好きだ、好きだということが溢れてきてしまった。でも言葉にはできない。
そんな表情を見透かされたのか、リョウジは真顔に一旦なった後に、もう一度、元の優しい笑顔になった。もうこれだけで意思疎通ができているのだろうか。
「静寂の時間が長く続いても苦ではなかった」ということが、僕らの最初のお互いの共通認識の一つだったけど、それが今また実証されてしまった。
あの時と違うことは身体を寄せ合っていることだけど。リョウジは僕を撫で、僕はリョウジの胸あたりをさすっている。
今まで、僕は受け身すぎた。そう気がついた。リョウジの大きな優しさにもっと応えたいと思ったけど、どうしたらいいのだろう。わからないから、聞いてみることにした。
「ニイちゃん…」
と、口にしたものの何をどう言ったらいいのかわからない。この愛を言葉で表したいだけなのに。

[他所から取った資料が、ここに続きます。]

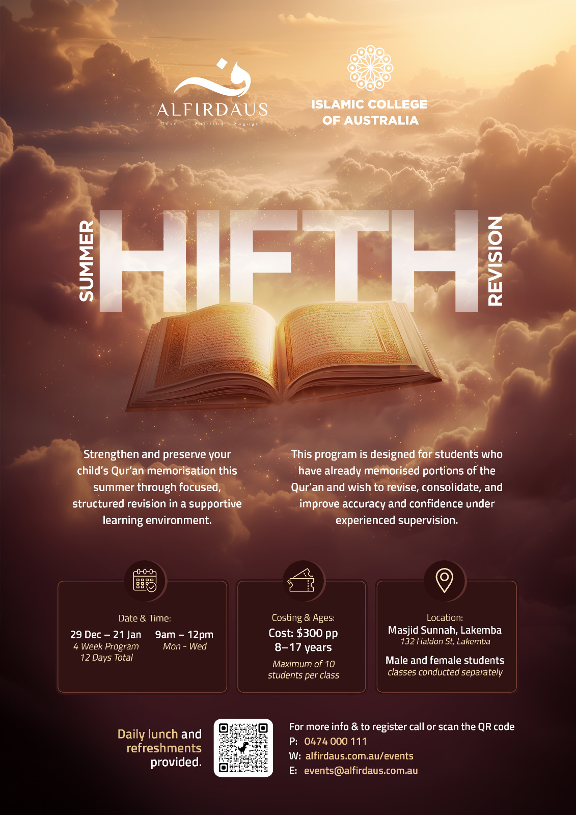 Our Summer Hifth Revision Program is designed for students who have already memorised portions of the Qur’an and wish to revise, consolidate, and improve accuracy, fluency, and confidence under the guidance of experienced teachers. Through structured daily revision and close supervision, students will reinforce what they have memorised and build strong revision habits.
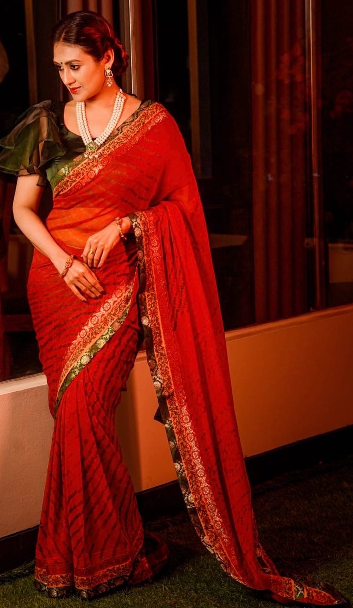 লাল শাড়ি এবং সবুজ ব্লাউজ পরে, গলায় সুন্দর মুক্তার হার এবং হাতে চটকদার ব্রেসলেটে ধরা দিয়েছেন। কুসুম শিকদারের নতুন লুকটি দেখে ভক্তরা রীতিমতো মুগ্ধ। তার অভিনয় দক্ষতার মাধ্যমে দর্শকদের মুগ্ধ করে আসছেন।
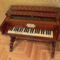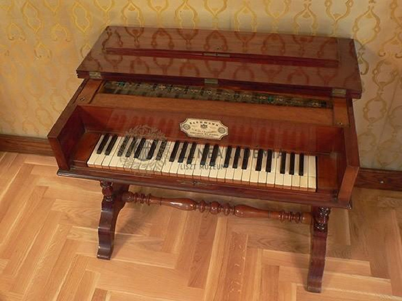 Hangolt üveglapokat megszólaltató zongora mechanika mahagóni szekrényben, esztergályozott lábakon.

そんな僕をリョウジはわかっていてくれたのかもしれない。
出ては来やしない次の言葉は、リョウジの唇で優しく塞がれた。そしてそっとソレは僕の耳元に移動をして、吐息のような動きを与え始めた。
そのひそやかな温もりに、僕はやっとの安堵を覚えた。リョウジ、ありがとう。言わなくても、言葉に出さなくても、きっと伝わるだろう。僕は信じている。リョウジの事を。